Provide a system for monitoring the health of a Geonetwork instance as well as metrics for some important functions. Metrics will be made available via HTTP/JSON and JMX. A common useage would be to configure nagios or collectd to collect data from the Geonetwork service and warn administrators when system is becoming unstable.

Proposal Type

Type: Now Module
App: GeoNetwork
Module:

Voting History

None as yet

Motivations

At the moment one must make several calls to a Geonetwork instance to ensure that the important functions are running and even that could not detect spurious or difficult to detect instabilities of Geonetwork. It would be useful to have a consistent way to both register and view such important characteristics like database connection, errors encountered, corrupt index. Failed logins, etc...

Proposal

The Metrics library (http://metrics.codahale.com/) by Yammer has excellent support for monitoring the performance and health of a system. It provides a consistent API for developers to register some vital statistics of an application. For example in Geonetwork we might want to have a monitor system (like nagios or collectd) check the health of the system which would include checking the database connection, ability to open files, check the index, etc... In addition we might want to attach a Metrics appended to the logging to track the number of errors being logged and the monitor system would be able to warn of a potentially unstable system based on the number of errors being logged.

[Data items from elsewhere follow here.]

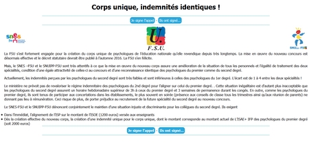 Le SNUipp et le SNES ont donc lancé une pétition pour demander l'alignement des indemnités des psychologues sur le plus haut niveau.
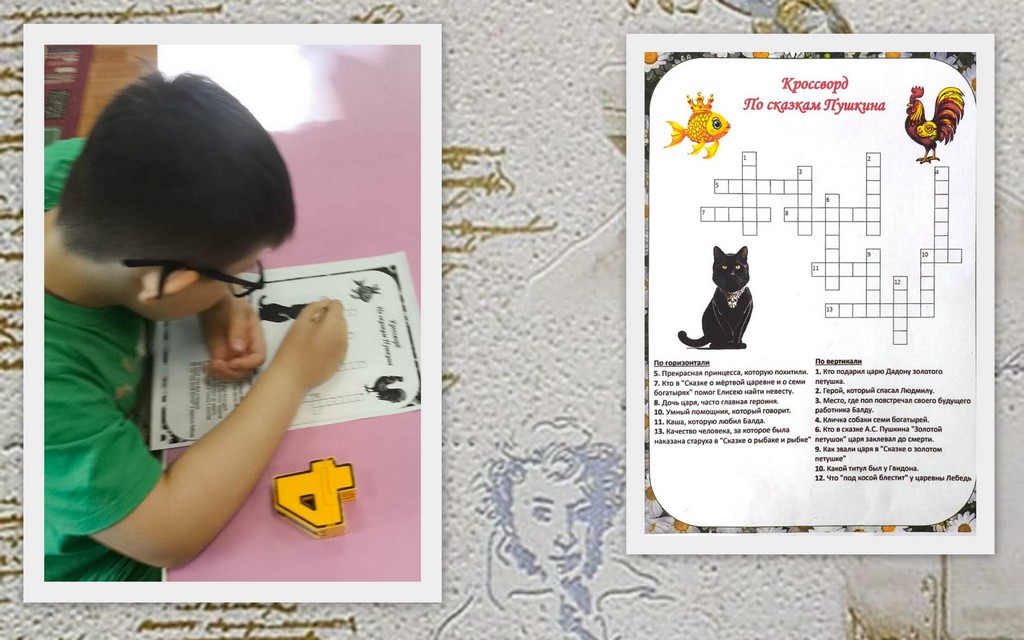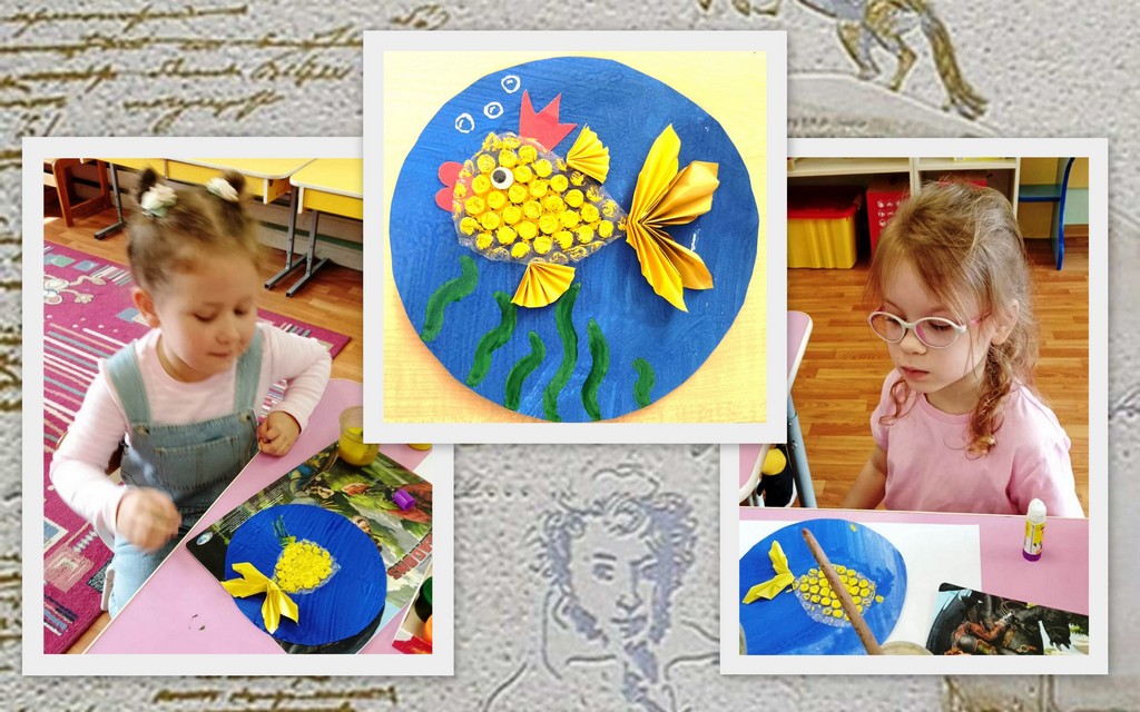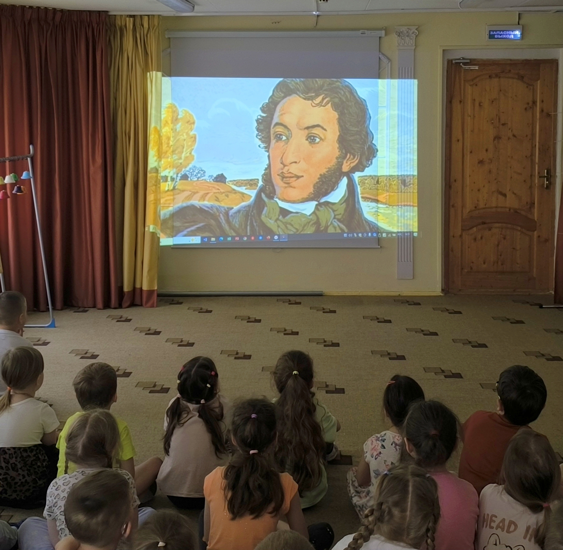 Воспитатели — Гурова Людмила Александровна, Тарасенко Наталия Николаевна, Можаева Татьяна Викторовна — познакомили ребят с биографией поэта, показали красочные книги и иллюстрации к его произведениям. Дошкольники с удовольствием вспомнили любимых героев — Золотую рыбку, Царевну-Лебедь, ученого Кота.
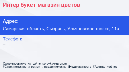 Интер букет, магазин цветов по адресу Самарская область, Сызрань, Ульяновское шоссе, 11а в дальнейшем Организация, размещена в следующих категориях:
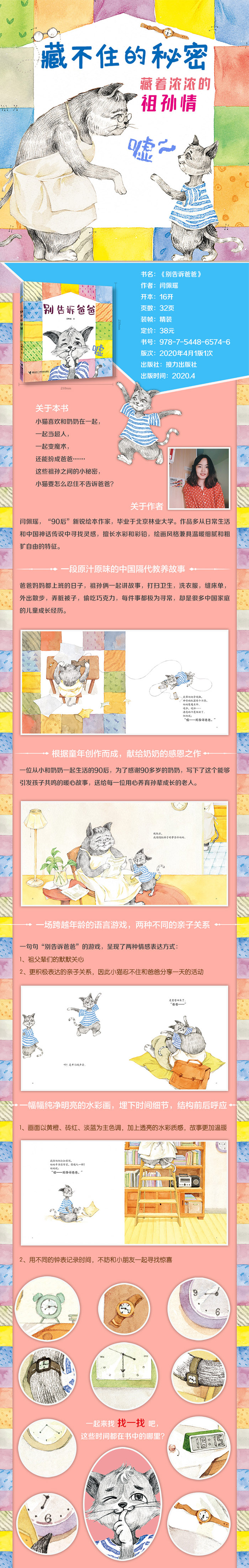 在父母都上班的时候,“我”和奶奶有很多相处时间,自然发生了很多他们不知道的故事。一件件不能告诉爸爸的秘密,成了小猫和奶奶不想被发现的小小约定。奶奶做的很多事情是怕爸爸担心,于是跟宝宝说“嘘,别告诉爸爸”,宝宝觉得好玩儿,也在调皮的时候跟奶奶说“嘘,别告诉爸爸”,这些都成为宝宝和奶奶之间的小秘密。可是,在小孩子的世界中,保守秘密不是那么容易的事情,就算是自己玩闹的举动也想跟父母分享。爸爸下班回来之后,宝宝忍了又忍,结果还是忍不住都告诉了爸爸。
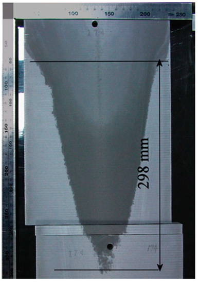 Figure 8 presents the sump depth and profile measured experimentally in the case of UST FRHT casting. The casting conditions were the same as mentioned above. As it was difficult to identify the location of the mold from this picture, the sump depth can be measured only roughly. Under the given conditions, the sump depth is 300 mm approximately. It is to be noted that this value is much greater than those reported in the literature for close sizes of billet and the similar casting speed [25]. This is because in our experiments, a different alloy and much higher temperature of casting was used. However, as can be seen from Figure 8, at the lower part of the sump the mushy zone loses its continuity, suggesting that this is a partly or fully coherent solid part of the mushy zone. Therefore, the depth of sump may be shorter than 300 mm. The black horizontal arrow in Figure 5c shows the point corresponding to the 300 mm depth. It is clearly seen that this point is located inside the predicted mushy zone. This finding suggests a good agreement and predictability for our model. As the mushy zone was interpreted as being a porous solid phase, the predictions of sump depth give underestimated values in the present model. In the actual casting process, as a part of mushy zone is in form of flowable slurry, the actual sump should be deeper.
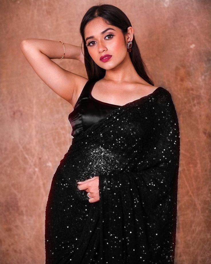 जन्नत ने इसमें ब्लैक कलर की नेट वाली साड़ी को डीप नेक ब्लाउज के साथ पेयर किया है।

Metrics has 2 Apis, one for configuring the health checks and another for performing the configured health checks. The 'out' Apis include JMX and JSON. For this proposal 4 new servlet mappings will be defined for accessing the monitor information:

/monitor/metrics?[pretty=(true|false)][class=metric.name] - returns a json response with all of the registered metrics
/monitor/threads - returns a text representation of the stack dump at the moment of the call
/monitor/healthcheck - returns 200 if all checks pass or 500 Internal Service Error if one fails (and human readable response of the failures)
/monitor - provide links to pages listed above.

A link will be made from the Admin/config.info page will be made to these servlets so a administrator can easily access this data. In a future implementation we can possible add a more attractive UI for viewing the information. All /monitor/* urls will be restricted by a Servlet-filter so that only administrators can access the information.

It is important to realize that metrics is not exactly the same as statistics in my use case. While it could be used in some capacity for statistics, in this proposal metrics will be used as a standard API and utilities for creating a monitoring subsystem that is flexible, extensible and can interoperate with many existing monitoring systems.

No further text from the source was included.